Among the pantheon of eccentric Victorian adventurers, explorer and linguist Richard Francis Burton stands out as one of the strangest.
Eschewing the colonial camaraderie of the officers' mess in India, disguising himself as a Muslim to join the Hajj to Mecca, toiling through jungle and desert in search of the Nile's source, Burton doggedly followed his own path.
Now we have a novel based on these adventures, Iliya Troyanov’s The Collector of Worlds, which has, appropriately enough given its subject's linguistic felicity, been translated into twenty languages (including Arabic and Chinese). It has finally made it into English thanks to the labours of translator William Hobson, who has brought Troyanov’s story about the enigmatic nineteenth-century polymath sparklingly to life.
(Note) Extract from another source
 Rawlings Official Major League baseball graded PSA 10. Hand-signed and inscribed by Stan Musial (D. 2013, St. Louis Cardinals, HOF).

Troyanov himself has been no slouch when it comes to travel. He was born in Bulgaria, but was taken to West Germany by his family when they fled communism. Subsequenly he lived in Kenya, India and South Africa. When I asked him whether his travels had given him any insight into Burton’s wanderlust, he replied, ‘Well, the readers will have to be the judges of that. But it certainly helped to have grown up with four languages in Kenya, as a refugee from Communist Bulgaria.’
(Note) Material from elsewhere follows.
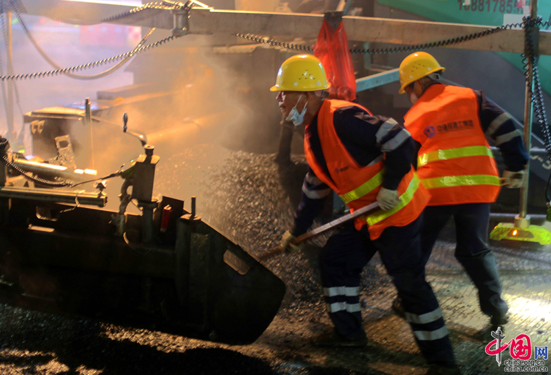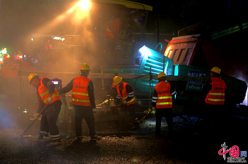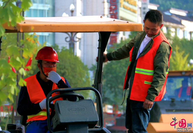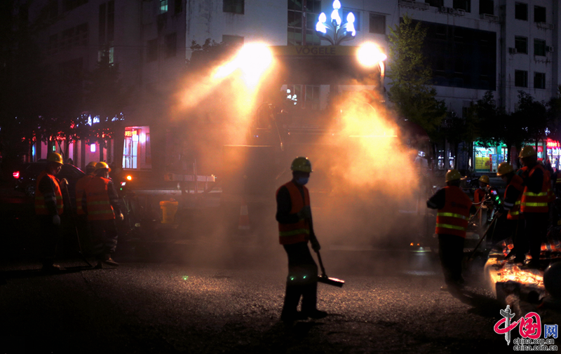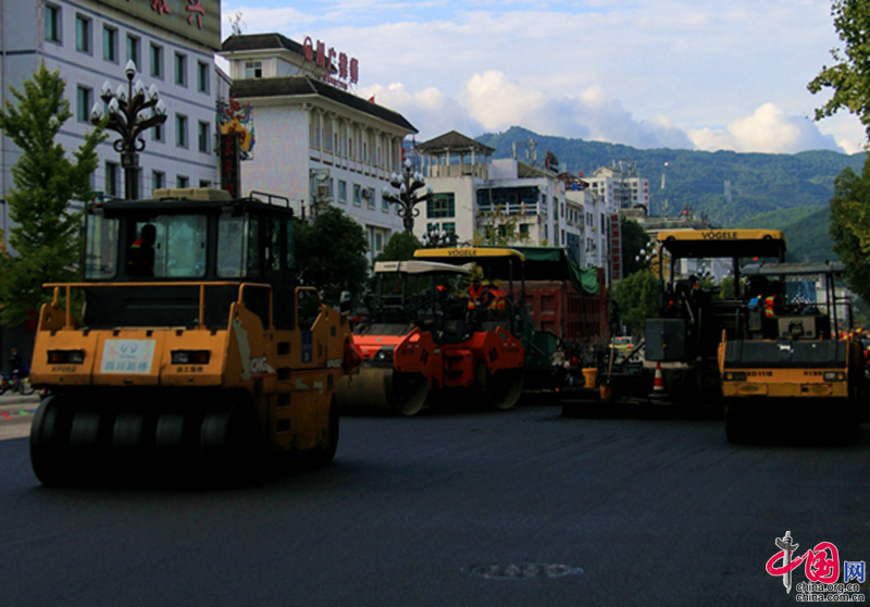 近日,四川剑阁县主城区剑门大道提升改造工程进入最后的沥青铺筑阶段。

It took seven years for Troyanov to write The Collector of Worlds and involved ‘numerous people across three continents’. Much of this time – five years’ worth – was spent researching Burton’s life, ‘especially regarding the regions and cultures and religions he interacted with.’
‘During the research’ he says, ‘I took notes, filling dozens of notebooks full of impressions, conversations and all sorts of information, from philosophical insights to weird paraphernalia. Then I lived and wrote like a monk (in Cape Town) for two years, day in day out, amalgamating the diversities.’
So what, in the end, was Troyanov’s view of Burton? He puts it succinctly: ‘Much of the best, some of the worst, always on the edge and never a safe bet.’
The success of the book across Europe and the world has been gratifying for its author. ‘I am,’ he says, ‘very fortunate that there are 20 translations and each one of them is an avatar of my novel, so – having no ambition of being cloned into another language – I am quite happy to marvel at the new lives of this story, here there and nearly everywhere.’
The English translation has come relatively late in the book’s publishing history. Does Troyanov have an opinion about why British readers seem to be reluctant to try books that were originally written in other languages? He gives two answers. ‘The polite answer would be: as with the cuisine it takes time to discover and cherish the marvels of the diverse. And the impolite: a postcolonial mindset that still harbours illusions of grandeur and superiority. But then again, without the imported literatures within the English language, there wouldn’t be that much of a British literature to talk about. Forgive me, AL Kennedy!’
I ask him to name a few writers whose work you admire but who aren’t published in the UK – or aren’t well-known enough. ‘According to me, the greatest living author is Antonio Lobo Antunes, a Portuguese maestro extraordinaire. His novel Knowledge of Hell has recently been published by Dalkey Archive Press and has,' he adds sarcastically, 'risen in the Amazon sales ranking all the way to 964,021. Evidently, English readers are already familiar with hell.’
That’s probably true, but we should also make sure that we familiarise ourselves with Troyanov’s exuberant and thoughtful novel. There’s plenty more to come from him as well: ‘A novel about a glacierologist, a novel about an anarchist and an apparatchik in Communist Bulgaria and a play called Renaissance Timbouctou.’ This is further proof, if any were needed, that one thing Iliya Troyanov is certainly not short of is ideas.